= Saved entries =
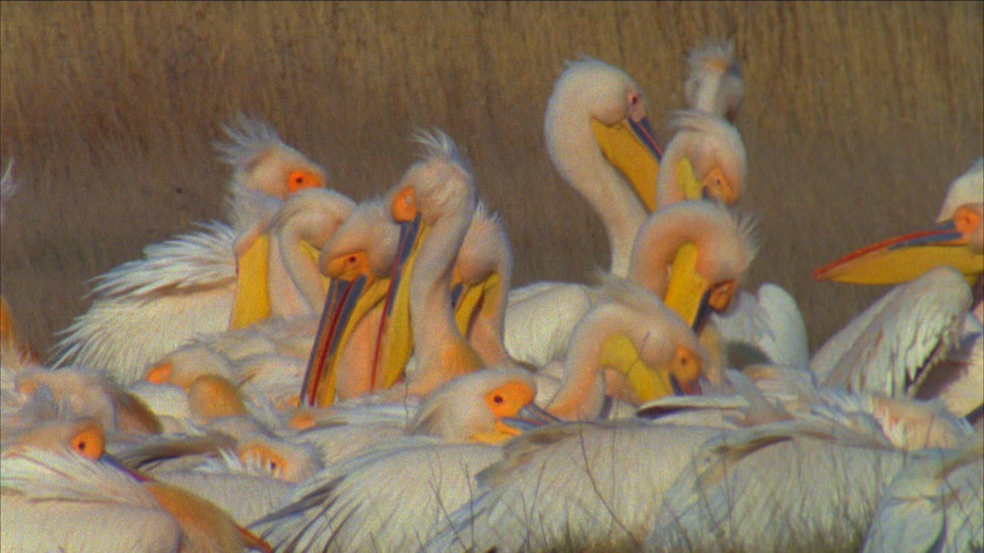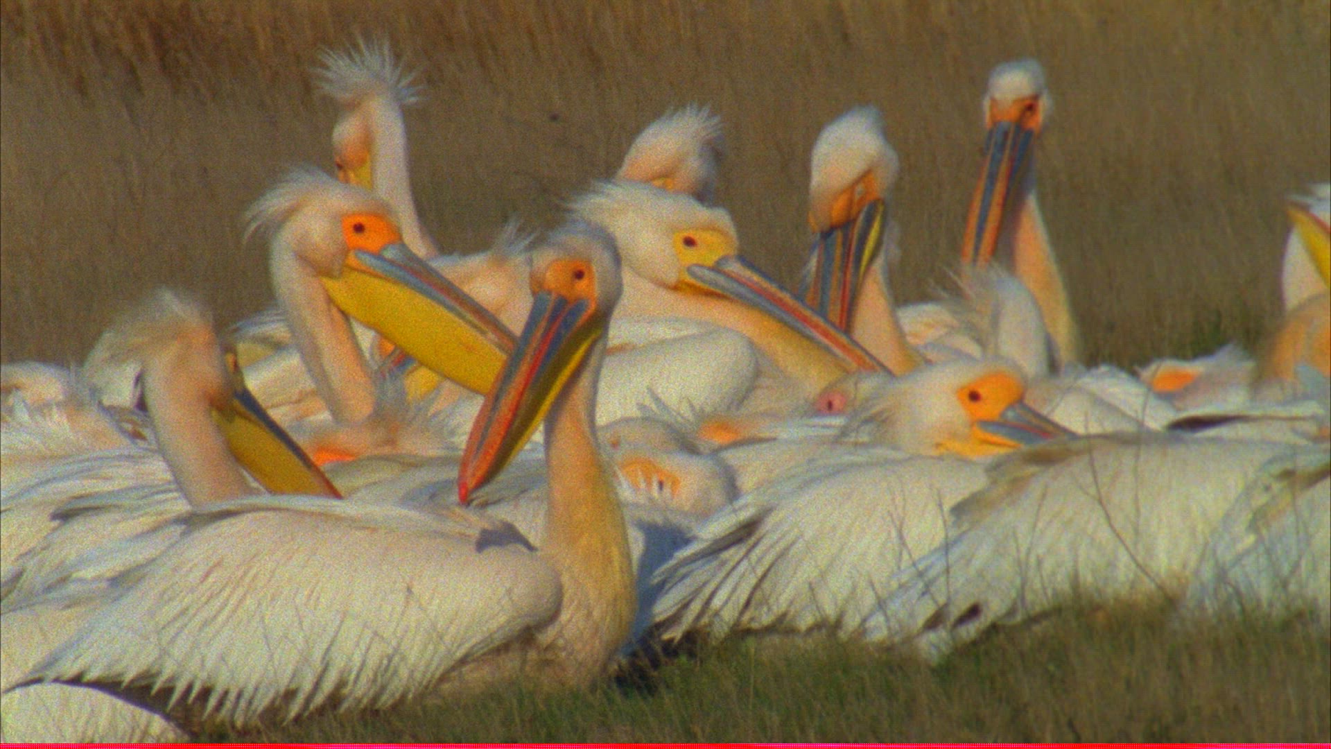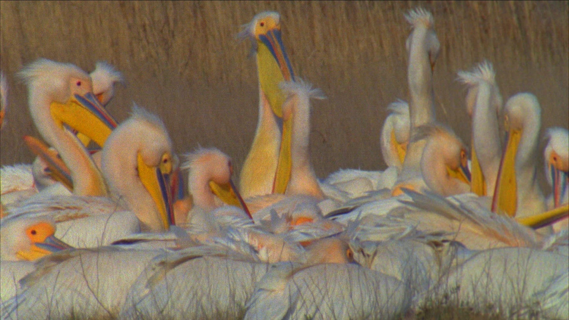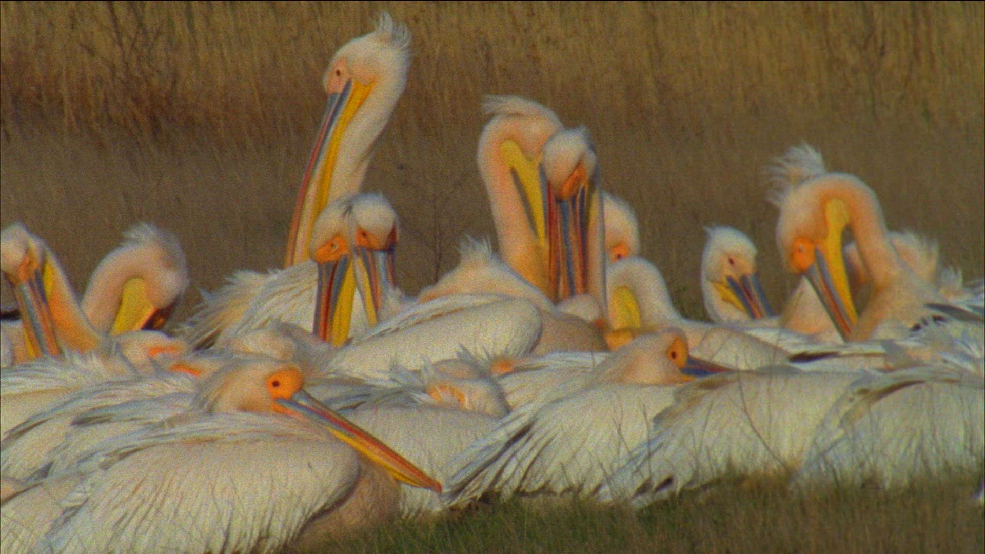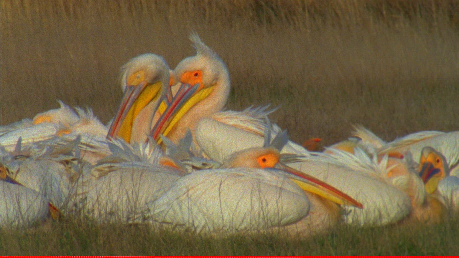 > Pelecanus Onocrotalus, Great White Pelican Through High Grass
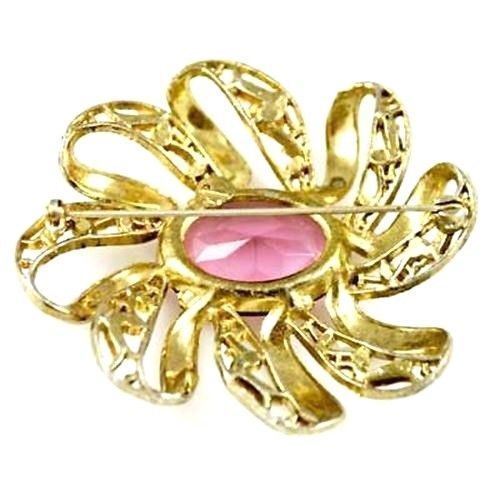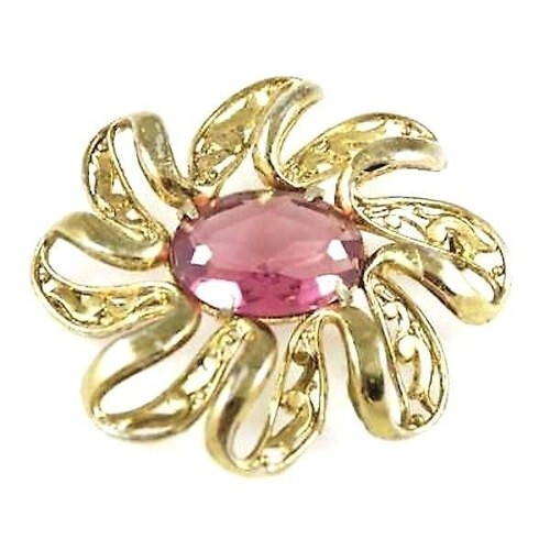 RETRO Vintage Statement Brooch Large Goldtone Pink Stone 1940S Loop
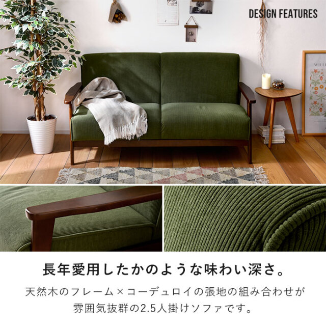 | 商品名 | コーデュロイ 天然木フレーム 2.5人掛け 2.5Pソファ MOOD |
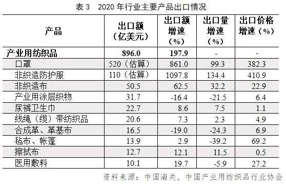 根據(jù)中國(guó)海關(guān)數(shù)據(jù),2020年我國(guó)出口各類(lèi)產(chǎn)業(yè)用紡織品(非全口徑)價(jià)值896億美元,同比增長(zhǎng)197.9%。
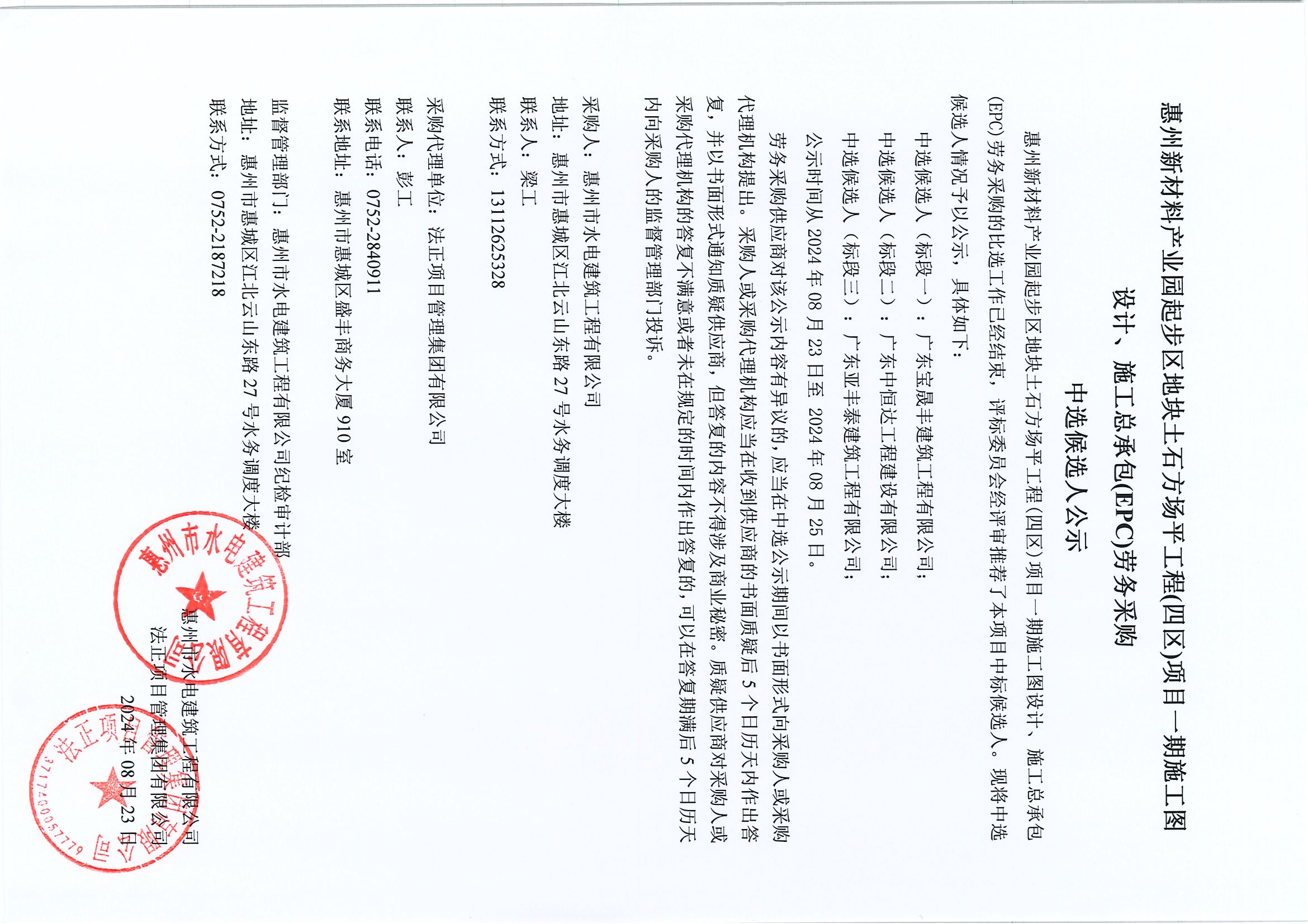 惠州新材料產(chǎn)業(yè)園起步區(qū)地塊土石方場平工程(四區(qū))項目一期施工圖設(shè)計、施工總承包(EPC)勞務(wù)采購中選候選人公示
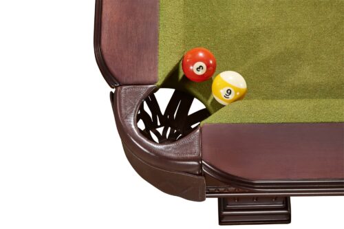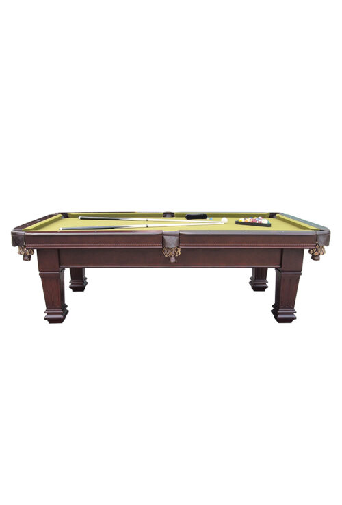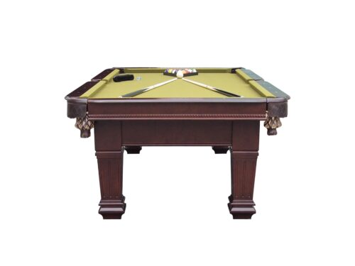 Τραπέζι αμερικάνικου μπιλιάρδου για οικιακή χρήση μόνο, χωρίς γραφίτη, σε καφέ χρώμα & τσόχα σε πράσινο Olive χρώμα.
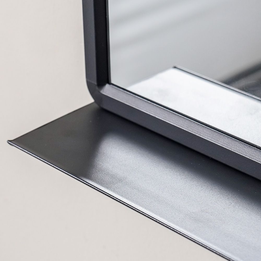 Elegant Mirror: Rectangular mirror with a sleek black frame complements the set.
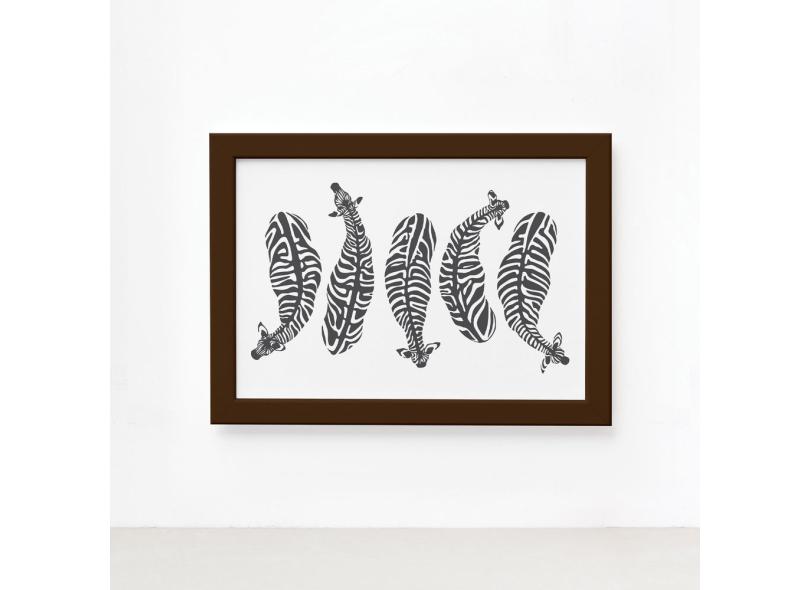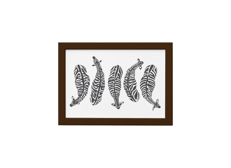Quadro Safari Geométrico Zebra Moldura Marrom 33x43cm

= GOAL OF THE EXERCISE =
A word-for-word repetition of the data above, without pictures, is the expected answer.

= ANSWER FOR THE TASK =
 > Pelecanus Onocrotalus, Great White Pelican Through High Grass
 RETRO Vintage Statement Brooch Large Goldtone Pink Stone 1940S Loop
 | 商品名 | コーデュロイ 天然木フレーム 2.5人掛け 2.5Pソファ MOOD |
 根據(jù)中國(guó)海關(guān)數(shù)據(jù),2020年我國(guó)出口各類(lèi)產(chǎn)業(yè)用紡織品(非全口徑)價(jià)值896億美元,同比增長(zhǎng)197.9%。
 惠州新材料產(chǎn)業(yè)園起步區(qū)地塊土石方場平工程(四區(qū))項目一期施工圖設(shè)計、施工總承包(EPC)勞務(wù)采購中選候選人公示
 Τραπέζι αμερικάνικου μπιλιάρδου για οικιακή χρήση μόνο, χωρίς γραφίτη, σε καφέ χρώμα & τσόχα σε πράσινο Olive χρώμα.
 Elegant Mirror: Rectangular mirror with a sleek black frame complements the set.
Quadro Safari Geométrico Zebra Moldura Marrom 33x43cm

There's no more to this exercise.